Full Reproduction (from scratch)

# 1. Train 8K-32K tokenizers + initial evaluation + morphology
python script.py

# 2. Train 80K + 110K tokenizers
python train_large_vocab.py
python train_remaining.py

# 3. Evaluate on test set (appends 80K/110K to results)
python eval_test_set.py
python eval_new_and_append.py
python eval_missing.py

# 4. Compute morphological metrics for large vocabs
python eval_morph_large.py

# 5. Bootstrap confidence intervals
python bootstrap_test_set.py

# 6. External tokenizer comparison
python eval_all_externals.py

# 7. Code-switching + DODa validation
python eval_codeswitch_and_new_baselines.py
python eval_doda_independent.py

# 8. Generate figures + reports
python regen_figures.py
python gen_report.py

# 9. Verify all numeric claims
python verify_arithmetic.py

Requirements

  • Python 3.10+
  • tokenizers, transformers, datasets (HuggingFace stack)
  • scikit-learn (KMeans for morphological consistency)
  • regex (Unicode grapheme segmentation)
  • numpy, pandas, matplotlib, seaborn
  • tqdm
  • Farasa JAR (for morphological segmentation; pre-cached in morphology/)
  • HF_TOKEN environment variable (for loading external models)

Key Design Decisions

  1. Monolithic script.py: The main pipeline runs at import level (no __main__ guard). This is intentional for checkpoint-based resumption β€” the script detects existing artifacts and skips completed stages.

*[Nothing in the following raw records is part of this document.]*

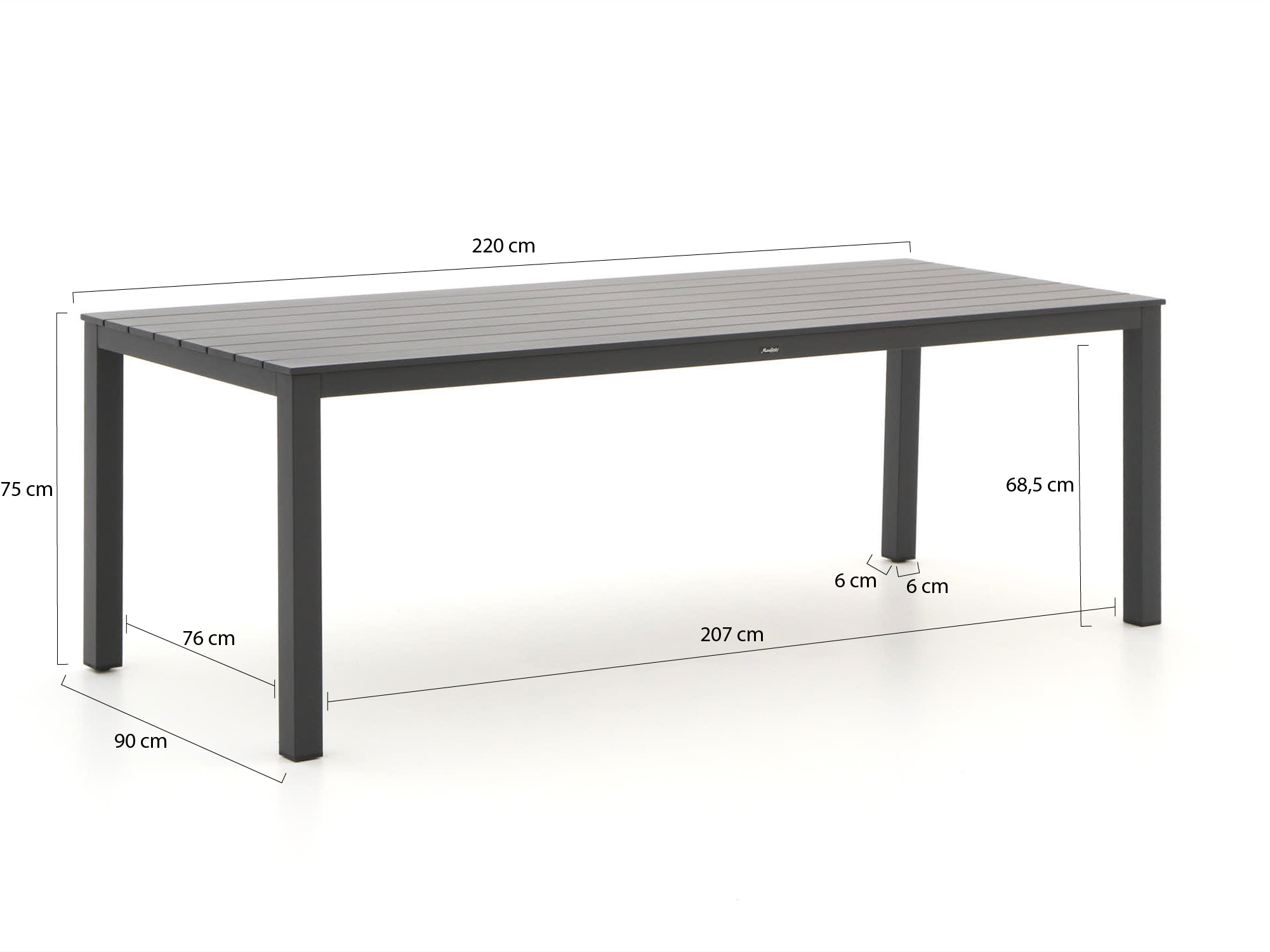 • Aluminium tafelblad met poedercoating: De coating beschermt tegen roest en verkleuring, zodat je zorgeloos buiten kunt tafelen.
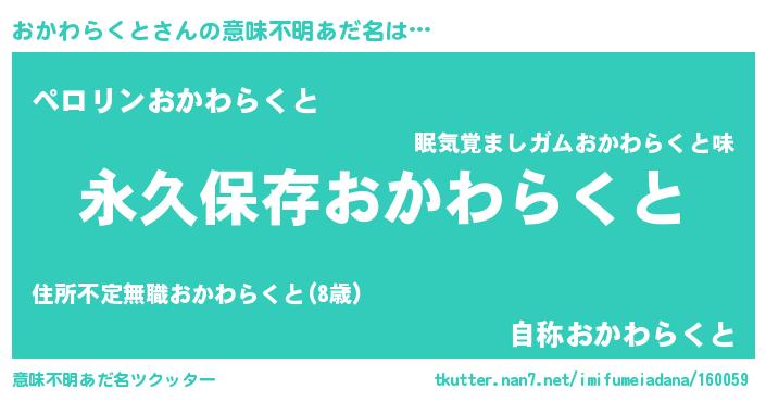 | 胡散臭い通販商品みたいなあだ名 | 『前代未聞の健康食品…その名も「おかわらくと」』 |
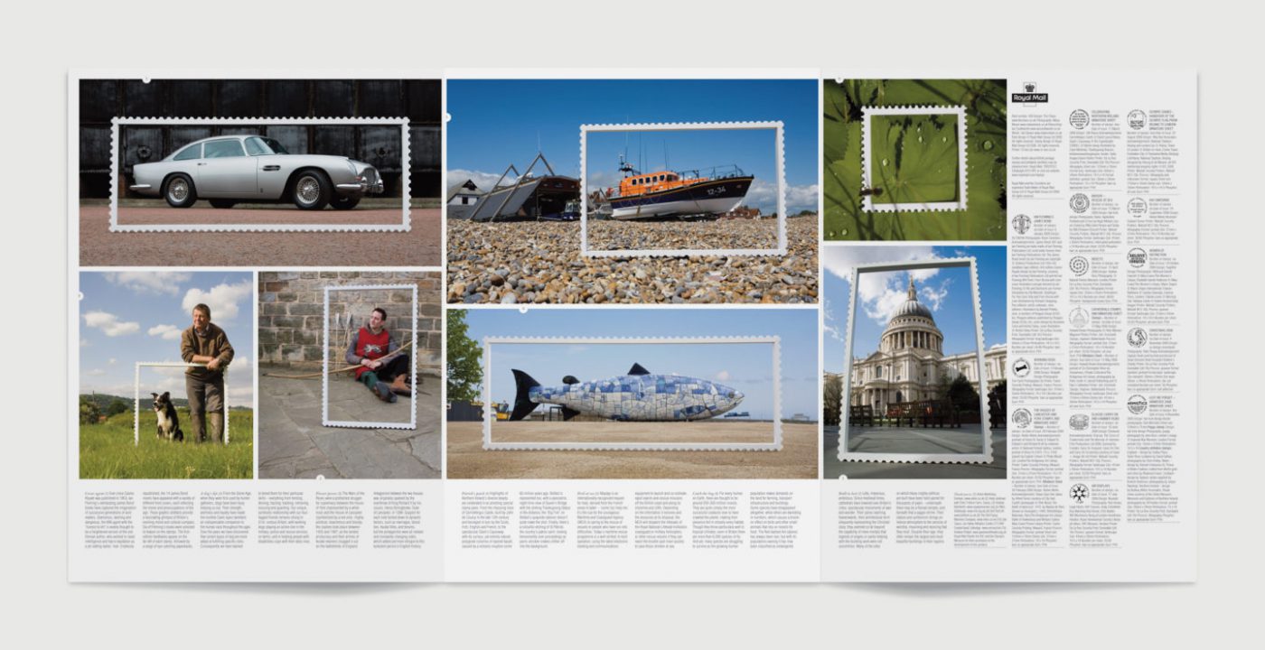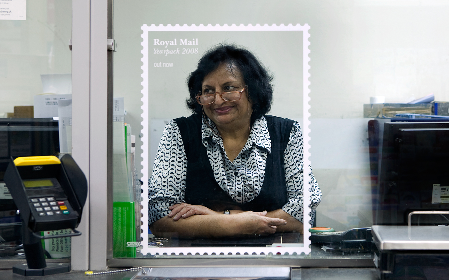 Larger than life 3D frames were built and photographed in locations echoing the subject matter of the stamp issue. Each subject is also supported by brief copy explaining why and how each stamp was conceived and produced. The concept was then taken through to ambient vinyl pieces. Comically framing the smiling assistant into a living stamp.

  2. Duplicated helper functions: Functions like detect_script(), count_graphemes(), and normalize_decode() are copied across evaluation scripts rather than shared via import. This ensures each eval script is self-contained and runnable independently.

  3. Test-set-only evaluation: All paper numbers come from eval_test_set.py, not script.py's full-corpus evaluation. The test set (11,282 sentences per script) provides unbiased estimates.

  4. Concatenated architecture: Each concat config is stored as two JSON files (concat_ar_*.json + concat_az_*.json). The evaluator loads both and applies ID shifting at inference time.